To diagnose the cause of the bleeding, health professionals will use a procedure called an endoscopy, which inserts a flexible instrument through the mouth to probe the GI tract. A similar procedure called colonoscopy probes the large intestine.

Known risk factors and symptoms of gastrointestinal bleeding

GI bleeding is a symptom of a variety of diseases. These include:

  • Angiodysplasia — A condition characterized by abnormal or enlarged blood vessels in the GI tract, which tend to rupture and bleed.
  • Benign tumors and cancer — Certain types of cancer – like that in the esophagus, stomach, colon, or rectum – and some non-cancerous tumors weaken the GI tract, causing it to bleed.
  • Colitis — When a person has ulcerative colitis, he forms lesions in the large intestine. This complication can cause GI bleeding.
  • Colon polyps — A person can have more than one colon polyp at a time, and some can even become cancerous.
  • Diverticular disease — This causes GI bleeding when small pouches, or sacs, form and push through weak spots in the colon.
  • Esophageal varices — A typical complication of liver cirrhosis, the condition is characterized by the presence of abnormal, enlarged veins in the esophagus.
  • Esophagitis — The condition, caused by gastroesophageal reflux (GER), weakens the sphincter between the esophagus and the stomach, causing stomach acid to damage the esophagus and make it bleed.
  • Gastritis — The condition, which wears away the stomach lining and makes it bleed, is usually caused by:
    • The use of nonsteroidal anti-inflammatory drugs (NSAIDs) and other medicines
    • Infections
    • Crohn’s disease
    • Serious illnesses
    • Severe injuries
  • Hemorrhoids or anal fissures  Aside from itching and swelling, hemorrhoids can cause GI bleeding, especially in the anus. Anal fissures cause similar signs, as well as a tearing of the anus.
  • Mallory-Weiss tears — In cases of severe vomiting, these may lead to what is called as a Mallory-Weiss tear, or a laceration in the mucous membrane where the esophagus and the stomach meet.
  • Peptic ulcers — Bacteria such as Helicobacter pylori (H. pylori) and the use of NSAIDs can lead peptic ulcers, which weaken the mucosa and cause GI bleeding.

The hallmark of GI bleeding is the presence of blood, whether in stools or in vomit. However, the signs of bleeding will vary depending on the location of the ulcer, tear, or disease.

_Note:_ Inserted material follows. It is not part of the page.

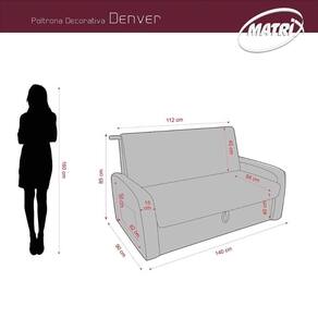 Assento: Altura 40 cm | Largura 112 cm | Profundidade 58 cmEncosto: Altura 45 cm | Largura 112 cm | Profundidade 15 cmBraças: Altura 50 cm | Largura 15 cm | Profundidade 82 cmPés: Altura 2 cm
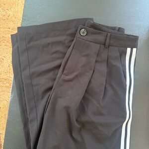 Discover the perfect blend of style and comfort with these Commense trousers, featuring a sleek black design accented by bold white stripes. Crafted for versatility, these trousers offer a flattering fit with a touch of athletic flair, making them ideal for both casual outings and sporty occasions.

If the bleeding is located in the upper digestive tract, the following symptoms may appear:

  • Bright red blood in vomit, or those that look like coffee grounds
  • Black or tarry stools, in some cases, with blood mixed in it

Bleeding in the lower digestive tract will manifest the following:

  • Black or tarry stool, in some cases, with dark blood mixed in it
  • Stool coated or mixed with bright red blood

Body systems affected by gastrointestinal bleeding

As the name implies, GI bleeding primarily affects the digestive system. However, it may be indicative of other conditions that may affect the whole body.

However, the presence of the following symptoms may indicate hypovolemia (the state of decreased blood volume), or in more severe instances, hemorrhagic shock:

  • Syncope  The medical term for fainting or passing out.
  • Hypotension — Also known as low blood pressure.
  • Pallor  The appearance of being sick.
  • Diaphoresis  The presence of abnormal sweating, usually the sign of disease.
  • Tachycardia — A disorder of the heart where the heart beats faster than the normal heart rate at rest.

Food items or nutrients that may prevent or relieve gastrointestinal bleeding

A rule of thumb for people who have a history of GI bleeding due to preexisting conditions is to avoid alcoholic drinks and smoking – since these will increase the acidity of the stomach and lead to ulcers. In addition, spicy and salty food may trigger gastric secretions and should be avoided as well.

If a person is currently experiencing or is prone to GI bleeding, the following food items are recommended to alleviate their condition.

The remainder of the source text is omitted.